Photographing artwork is impossible...kudos to you for knowing how to fix it!


----------



## tepelus

Thanks. Your art looks awesome, especially the one that took you eight months. I'm still learning different techniques to get the effects I want. I don't really draw much, in fact last year I drew a couple of pictures after having not drawn anything for several years. I got bored one day and thought to pick up the pencil again and draw a picture of my boyfriend. It turned out really well considering I hadn't practiced for years. Right now I'm about halfway through a portrait of Oscar Wilde and it's coming out really good so far.
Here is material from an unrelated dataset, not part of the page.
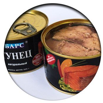 Тунец, пожалуй, единственный продукт, который не теряет своих уникальных качеств при особо длительной тепловой обработке. Поэтому он является самым натуральным поставщиком ненасыщенных архиважных жирных кислот таких, как омега-3 и омега-6. А ещё его часто называют телятиной морской из-за качественного, легко усваиваемого белка, жизненно нужный для людей. Тунец консервированный бывает кусковым или рубленым, в масле, собственном соку, маринадах или томате. Рыба в масле наиболее мягка, в остальных вариациях тунец более суховатый и диетический. Баночка консервы должна быть современного европейского образца, т. е. без бокового шва. Надо, безусловно, проверять сроки годности. Тунец – очень большая рыба, поэтому в ёмкостях, обычно, один кусок. Он эластичный, крупноволокнистый и без костей. Когда же несколько кусочков или рыба разлазится, то это не тунец, либо тунец, но весьма низкого качества.
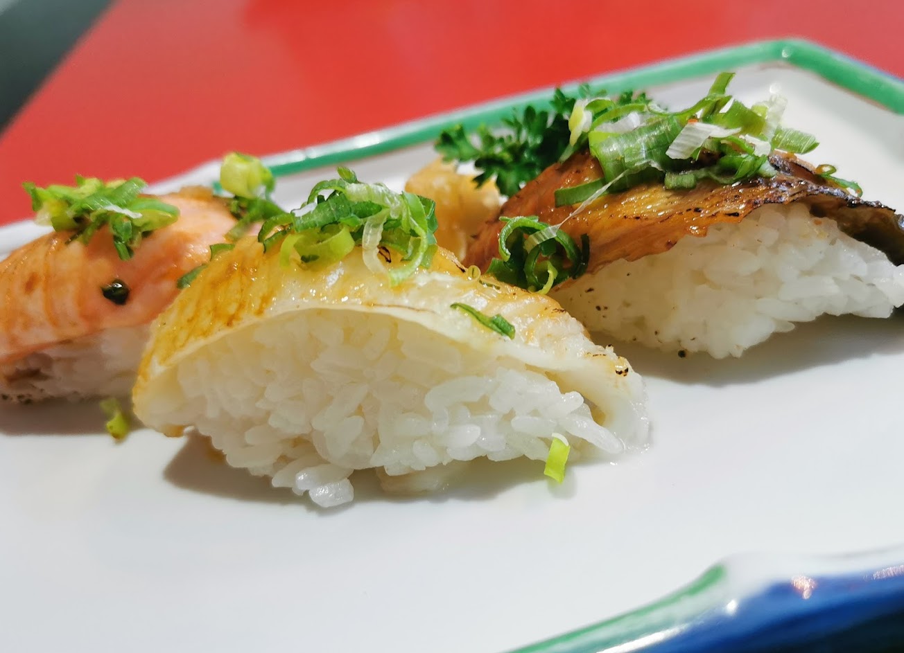 不知道是否節日客人太多,壽司上面有半熟生魚片的一道菜,因為節日套餐的菜有蠻多道,吃得不夠快,店家沒有逐桌控制出菜,讓這盤壽司出菜後擺不下桌面而拿回廚房。但是,再看到這道菜時,怎麼感覺是製作一段時間的壽司?半熟生魚片看起來也是乾乾的感覺?

I'll be posting later when it's finished. I don't know what I'll draw afterward, maybe take a break and work on my novel which I've been neglecting since I started Oscar. I needed a break from it anyway.


----------



## FleshEater

Thank you!

When I would draw and paint, I would work on it five nights a week from eight p.m. to about eleven p.m.; however, I feel I make a slightly better writer than an artist ha-ha! I haven't picked up the dry or wet media in almost two years.

If you can draw that well without that much practice I'd say you have a natural talent to do so.


----------



## tepelus

Instead of creating a new post, I'm just going to post my newest drawing here. Took me about eight days, but I finally finished my portrait of Oscar Wilde:


----------



## FleshEater

Holy you know what! 8 days? What size is that?

The clothing...the hands...the lips...the nose...wow! That is incredible! Why aren't you commissioning portraits?


----------



## tepelus

Because I don't know why? I guess I don't know where to start to begin doing commissions. A few friends on Facebook have expressed interest in me doing some of their kids, and when I did accept to do one for a couple of them they never spoke anything more of it when they heard, I'm guessing, that they would actually have to pay for my work. It would be good practice for me to do some commissions for people, plus make a little money. If only people were willing to pay.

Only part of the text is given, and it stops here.